Kakek tidak boleh mendapat bagian yang kurang dari seperenam
Kakek jika bersama saudara-saudara laki-laki tidak boleh mendapat bagian yang kurang dari seperenam, kalau sendainya tidak tersisa  (setelah diberikannya bagian Ashabu Al Furud) kecuali seperenam, maka kakek akan mengambil seperenam itu, dan saudara-saudara laki-laki tidak mendapat apa-apa.
Misalnya, jika ahli warisnya adalah dua anak perempuan, ibu, kakek, dan satu saudara laki-laki.

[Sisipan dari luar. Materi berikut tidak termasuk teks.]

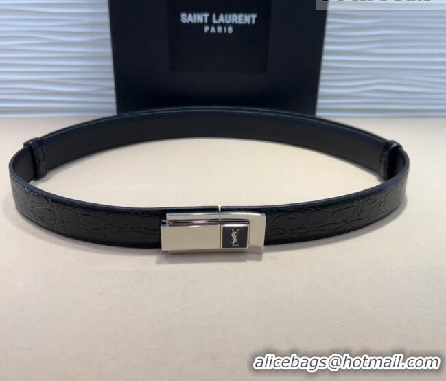 New Cheap Saint Laurent Crocodile Embossed Leather Belt 2.5cm 0317 Black/Silver 2025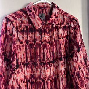 Queen Collection Womens S Purple Abstract Button Front Collar 3/4 Sleeve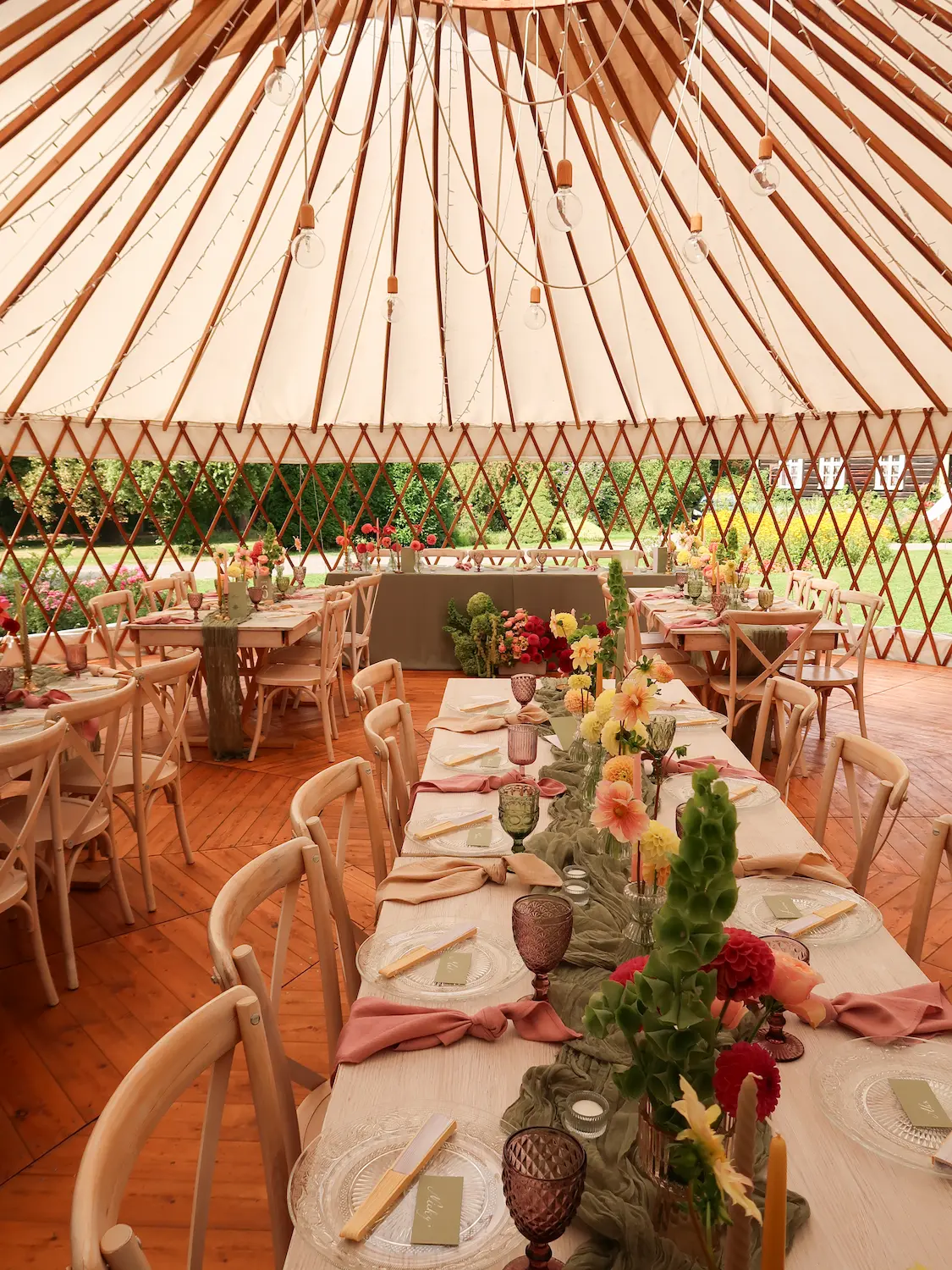 - Lokal Ślub w Jurtach by bemywife w Zręczycach: wesele w jurtach przyniosło luźną, a zarazem elegancką atmosferę, która sprzyjała swobodzie i dobremu humorowi gości.

Maka pada kondisi ini, dua anak perempuan akan mendapat dua pertiga, ibu mendapat seperenam, dan kakek mendapat sepertiga yang tersisa, dan saudara laki-laki menjadi gugur (tidak mendapat apa-apa).
Demikian juga jika harta yang tersisa (setelah diberikannya bagian Ashabu Al Furud) adalah kurang dari seperenam, maka kakek juga mendapat seperenam, dan akan terjadi Aul.
Contoh, jika ahli warisnya adalah suami, dua anak perempuan, kakek, dan saudara laki-laki.
Maka suami mendapat seperempat, dua anak perempuan mendapat dua pertiga,  sehingga harta yang tersisa kurang dari seperenam, maka kakek mengambil seperenam dengan cara Aul, demikian juga ahli waris yang lain mengambil bagiannya dengan cara Aul.
Aul adalah jika saham yang ada lebih banyak dari pada Aslu Al Masalah (pokok masalah), sehingga bagian dari setiap ahli waris akan dikurangi.
Dan jika tidak tersisa sedikitpun setelah diberikannya bagian Ashabu Al Furud, maka kakek juga diberi seperenam dari harta warisan, dan akan terjadi Aul, sementara saudara laki-laki menjadi gugur.
Contoh, seseorang meninggalkan ahli waris berupa, dua anak perempuan, suami, ibu, kakek, dan satu saudara laki-laki.

Maka dua anak perempuan akan mendapat dua pertiga, suami mendapat seperempat, ibu mendapat seperenam, dan kakek mendapat seperenam, sementara saudara laki-laki tidak mendapatkan apa-apa. Sehingga akan terjadi Aul, dan setiap ahli waris akan mengambil bagiannya dengan cara Aul.